• EXERCISE DIRECTIONS:
Only an exact repeat of the listing, without its images, counts as the answer.

• AVAILABLE DATA:

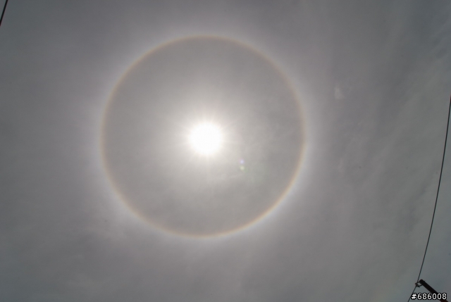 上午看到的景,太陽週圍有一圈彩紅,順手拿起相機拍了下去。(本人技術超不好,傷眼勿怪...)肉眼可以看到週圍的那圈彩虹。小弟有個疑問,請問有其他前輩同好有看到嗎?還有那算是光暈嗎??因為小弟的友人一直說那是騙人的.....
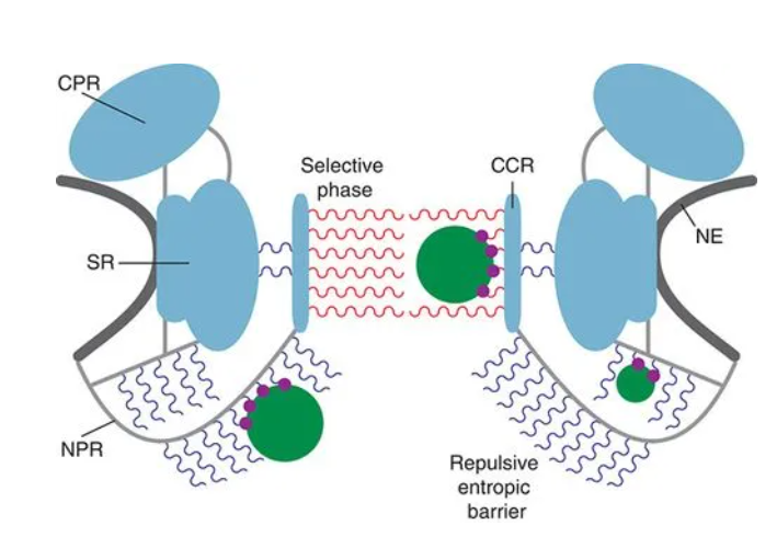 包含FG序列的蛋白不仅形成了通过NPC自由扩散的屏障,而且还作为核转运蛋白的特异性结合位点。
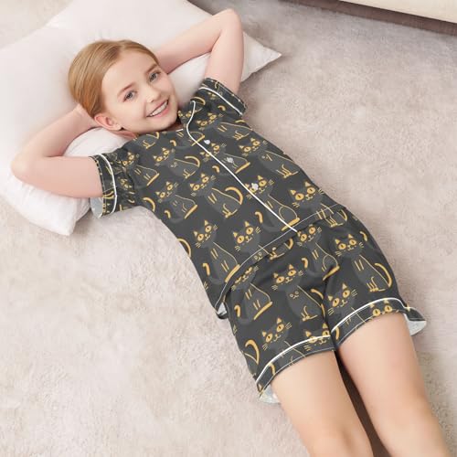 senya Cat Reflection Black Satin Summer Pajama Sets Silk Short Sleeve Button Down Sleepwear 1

• RESPONSE TO THIS TASK:
 上午看到的景,太陽週圍有一圈彩紅,順手拿起相機拍了下去。(本人技術超不好,傷眼勿怪...)肉眼可以看到週圍的那圈彩虹。小弟有個疑問,請問有其他前輩同好有看到嗎?還有那算是光暈嗎??因為小弟的友人一直說那是騙人的.....
 包含FG序列的蛋白不仅形成了通过NPC自由扩散的屏障,而且还作为核转运蛋白的特异性结合位点。
 senya Cat Reflection Black Satin Summer Pajama Sets Silk Short Sleeve Button Down Sleepwear 1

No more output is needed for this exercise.